Ho bisogno di analizzare un registro Apache con Snort e altri IDS / WAF (Suricata, mod_security e Shadow Daemon). Per fare ciò, stavo pensando di creare pacchetti TCP con le richieste GET e POST archiviate nel log di Apache con Scapy in Python. Qualcosa del genere: 

packet= IP(dst=dst_ip)/TCP(dport=9999)/Raw(load=payload) #payload contains the http request

Conservo questi pacchetti TCP in un file PCAP per poi analizzarlo con Snort o con gli altri IDS / WAF che ho detto.

Il problema con questo metodo di creazione dei pacchetti è che non c'è stato nella comunicazione e Snort lo rileva con questo avviso: 

[**] [129:2:1] Data on SYN packet [**]
[Classification: Generic Protocol Command Decode] [Priority: 3] 
09/01-20:29:50.816860 127.0.0.1:20 -> 127.0.0.1:9999
TCP TTL:64 TOS:0x0 ID:1 IpLen:20 DgmLen:102
******S* Seq: 0x0  Ack: 0x0  Win: 0x2000  TcpLen: 20
[Xref => http://www.securityfocus.com/bid/34429][Xref => http://cve.mitre.org/cgi-bin/cvename.cgi?name=2009-1157]

Quindi, ho adattato il codice per aggiungere una sequenza e un numero di riconoscimento: 

ip = IP(src=src_ip, dst=dst_ip)
packet = (ip / TCP(sport=src_port, dport=dest_port, flags='PA',
      seq=seq_n, ack=ack_n) / Raw(load=fullrequest[0])

seq_n = seq_n + len(payload.encode('UTF8'))

In questo modo, c'è una sequenza ma l'avviso Dati sul pacchetto SYN cambia per un altro (anche se invece di lasciare tanti avvisi quanti lo stesso numero di pacchetti, solo il 22% dei pacchetti viene lanciato un avviso): 

[**] [129:12:1] Consecutive TCP small segments exceeding threshold [**]
[Classification: Potentially Bad Traffic] [Priority: 2] 
09/01-20:49:15.037299 127.0.0.1:60664 -> 127.0.0.1:80
TCP TTL:64 TOS:0x0 ID:1 IpLen:20 DgmLen:94
***AP*** Seq: 0x156E7  Ack: 0xB  Win: 0x2000  TcpLen: 20

Alla fine, ho scelto di creare una struttura client-server con socket (invio del payload da una macchina virtuale a un'altra), analizzare il traffico con WireShark e quindi salvare i pacchetti come PCAP. Il problema qui è che Snort non rileva un singolo attacco. Inoltre, non posso automatizzare questa operazione di analisi.

Esempio di attacco: 

"GET /shoutbox.php?conf=../../../../../../../../etc/passwd HTTP/1.1"
"GET /cgi-bin/apexec.pl?etype=odp&template=../../../../../../../../../../etc/hosts%00.html&passurl=/category/ HTTP/1.1"

Sto usando Snort con Pulledpork per scaricare le regole e l'ho provato con un PCAP che stavo usando nel post (non costruito manualmente) e sta rilevando gli attacchi.

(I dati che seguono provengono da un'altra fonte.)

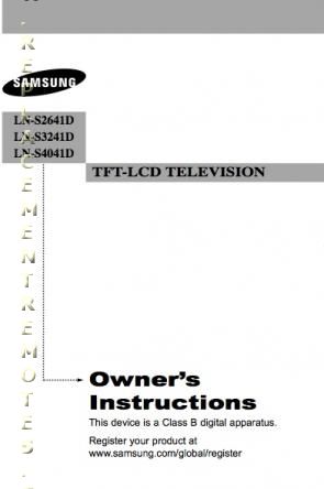 As an Amazon Associate, we earn from qualifying purchases. Buy SAMSUNG LNS2641DOM LNS2641 LNS3241 LNS4041 TV TV Operating Manual SAMSUNG . LNS2641DOM Gallery Attributes Brand name, Manufacturer name, ManufacturerSAMSUNG ConditionNEW Extra Product NameBuy SAMSUNG LNS2641DOM LNS2641 LNS3241 LNS4041 TV TV Operating Manual extendedQty, qtyInStock0 moq, multiple, tierMinQty11 MPNLNS2641DOM qtySourceBlockString SKU62270 snippetSAMSUNG LNS2641DOM tv operating manual for LNS2641, LNS3241, LNS4041 TV models tierPrice17.99 Distributor offers SellerSKUMOQIn stockMultiplePrices replacementremotes.com62270111 @ $7.99

Forse c'è qualcosa di sbagliato al momento della creazione dei pacchetti.

Ecco il mio confetto di Snort e Pulledpork:

Snort: snort.conf

Pulledpork: pulledpork.conf

Ecco i miei PCAP:

Primo modo (Dati sul pacchetto SYN): output. pcap

Seconda via (segmenti piccoli TCP consecutivi che superano la soglia): output_seq.pcap

Cosa posso fare di sbagliato? Qualche suggerimento? Qual è il modo più semplice per rilevare gli attacchi in un registro Apache con IDS / WAF?

    
posta Neveralways 04.09.2018 - 17:56
fonte

1 risposta

2

Il tuo approccio a questo è ... un po 'errato.

Non dovresti aver bisogno di creare pacchetti per riprodurre gli eventi da un log di Apache. Il log è un elenco di richieste HTTP, quindi utilizza una libreria in grado di effettuare richieste HTTP appropriate, come la stessa libreria requests . Non hai nemmeno tutte le informazioni di cui hai bisogno per creare questi pacchetti in ogni caso - nel caso dei POST, non sai quale fosse realmente il payload, solo dove è stato inviato.

Configura i tuoi ID per monitorare la stessa interfaccia. Dato un elenco di URL / percorsi, scrivi uno script semplicemente su request ciascuno. Poi fai in modo che ogni IDS scarichi il suo output da qualche parte e vedi cosa viene rilevato. Puoi ripetere questo processo e valutare o ottimizzare le regole secondo necessità.

    
risposta data 04.09.2018 - 19:54
fonte

Leggi altre domande sui tag

Come può un utente malintenzionato conoscere quale versione di tor / TAILS sto usando? Qualsiasi motivo di privacy per non consentire l'aggiornamento automatico del software?